# Exercising and the Flu: How to Not Lose Progress



## Vell (6 Nov 2013)

I have been browsing these forums for information for the past few months but today is the first day the search function on both this site and google have failed me, so this is my first post.

I applied to the CF last month and began training (since I was out of shape) shortly before that. I have made a lot of progress since I began training about 6 weeks ago, but I have unfortunately caught the flu. My whole body aches and I have a fever. Any research I do says that while I have any symptoms below the neck (body pain, sore stomach, fever, breathing problems...) I should not do any exercise at all.

My fever is gone now. I am still sick but apparently I should be OK to do SOME training. My question then becomes, how much do I need to workout to simply not lose progress. To be more precise, while I am sick, I have no interest in improving my progress, but I want to do enough training to not lose any of the progress I have already made in the past 6 weeks.

I jog for 30 minutes every second day and do push-ups, sit-ups, squats, and planks (of varying styles) on days where I do not run.
I have made the following progress in the past 6 weeks (yes, I know, it is pathetic, but it is still progress). 


0.3km jogging until too tired to go on -> 2.5km jogging before getting too tired to go on. (using couch to 5k programme) End goal: at least 5km in 20minutes.
4 consecutive push-ups -> 16 consecutive push-ups (I wish this would progress faster). End goal: at least 30 consecutive push-ups.
20 consecutive sit-ups -> 50 consecutive sit-ups. End goal: Already met, the rest is gravy.


----------



## PMedMoe (6 Nov 2013)

You're sick.  Your time would be better spent recovering fully from your illness instead of worrying about losing some progress on your road to fitness.  You say you applied a month ago.  Given some of the recruiting examples here, I think you have plenty of time to get in shape.


----------



## Nudibranch (6 Nov 2013)

PMedMoe said:
			
		

> You're sick.  Your time would be better spent recovering fully from your illness instead of worrying about losing some progress on your road to fitness.  You say you applied a month ago.  Given some of the recruiting examples here, I think you have plenty of time to get in shape.



This.
That said, if you really want to exercise, I do some light running if I'm just mildly ill, and I listen to my body. Sometimes the exercise makes me feel better. If it makes me feel worse, I quit and let my body recover some more.


----------



## Vell (7 Nov 2013)

Thank you for the feedback. I ended up just doing a 3km speed walk and my body did not seem to complain any more than it already was. I tried a little light jogging but that was hurting way more than it should so I returned to the speed walking. I don't know how much 'exercise' speed walking provides, but it was all I could do at the time.

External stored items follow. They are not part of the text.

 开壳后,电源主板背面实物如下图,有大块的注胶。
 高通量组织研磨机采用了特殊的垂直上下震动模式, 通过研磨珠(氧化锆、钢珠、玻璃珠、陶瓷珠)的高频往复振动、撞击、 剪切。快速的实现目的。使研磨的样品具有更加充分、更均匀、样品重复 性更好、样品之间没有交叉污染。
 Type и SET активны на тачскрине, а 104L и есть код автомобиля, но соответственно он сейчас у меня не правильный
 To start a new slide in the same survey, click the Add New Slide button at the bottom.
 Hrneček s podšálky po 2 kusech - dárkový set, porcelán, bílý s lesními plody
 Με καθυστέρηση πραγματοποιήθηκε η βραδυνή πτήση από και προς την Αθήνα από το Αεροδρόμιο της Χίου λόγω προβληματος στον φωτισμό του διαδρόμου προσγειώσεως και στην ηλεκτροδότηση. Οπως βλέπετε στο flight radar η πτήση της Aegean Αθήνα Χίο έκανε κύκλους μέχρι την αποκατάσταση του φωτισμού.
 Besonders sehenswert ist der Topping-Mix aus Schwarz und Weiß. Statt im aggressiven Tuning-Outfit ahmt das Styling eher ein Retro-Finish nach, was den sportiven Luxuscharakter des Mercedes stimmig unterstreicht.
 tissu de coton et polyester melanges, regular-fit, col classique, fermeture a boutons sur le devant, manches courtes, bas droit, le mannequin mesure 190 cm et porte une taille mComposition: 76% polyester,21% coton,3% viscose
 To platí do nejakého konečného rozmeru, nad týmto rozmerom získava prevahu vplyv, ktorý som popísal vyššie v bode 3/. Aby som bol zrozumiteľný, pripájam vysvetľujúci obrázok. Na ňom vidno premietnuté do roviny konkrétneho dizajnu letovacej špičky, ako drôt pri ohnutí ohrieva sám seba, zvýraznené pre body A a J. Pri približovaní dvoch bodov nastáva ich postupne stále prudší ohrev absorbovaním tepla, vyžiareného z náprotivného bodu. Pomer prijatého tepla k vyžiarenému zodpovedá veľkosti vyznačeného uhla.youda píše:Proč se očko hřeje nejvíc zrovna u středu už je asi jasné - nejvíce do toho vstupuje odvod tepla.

I still have not been able to find any webpages that list the approximate bare minimum of physical activity required to prevent the degradation of one's fitness level, but I am sure the information is out there and I am just not searching for the right terms. I would still like this information not only for when I am sick, but also for days where I have much less time available to me to exercise.


----------



## x_para76 (7 Nov 2013)

I would suggest that until you've recovered fully from your illness that you steer clear of cardio. Doing cardio has a tendency to depress your immune system, and because of that I'd stick to doing calisthenics.  This will allow your immune system to recover and also help to give your metabolism a boost.


----------



## Chernoble (26 Nov 2013)

If you maintain your nutrition it will ensure the maintenance of your progress and also give the right fuel for your body to get better


----------



## Vell (29 Jun 2014)

Ha ha, 9 months and I still have not even written my CFAT (7 years in Japan is not kind on the application process). At least it has given me more than ample time to train. Now I am up to 6-7km in 30 minutes, no resting, and 30 consecutive push-ups (the push-up training is not improving so quickly at all, but at least I am at my goal... but I still want to improve). I can run no problem when I have a cold now as long as I have no symptoms below the neck (chills, fever and aches are a no go for running, but nose and throat problems are fine). 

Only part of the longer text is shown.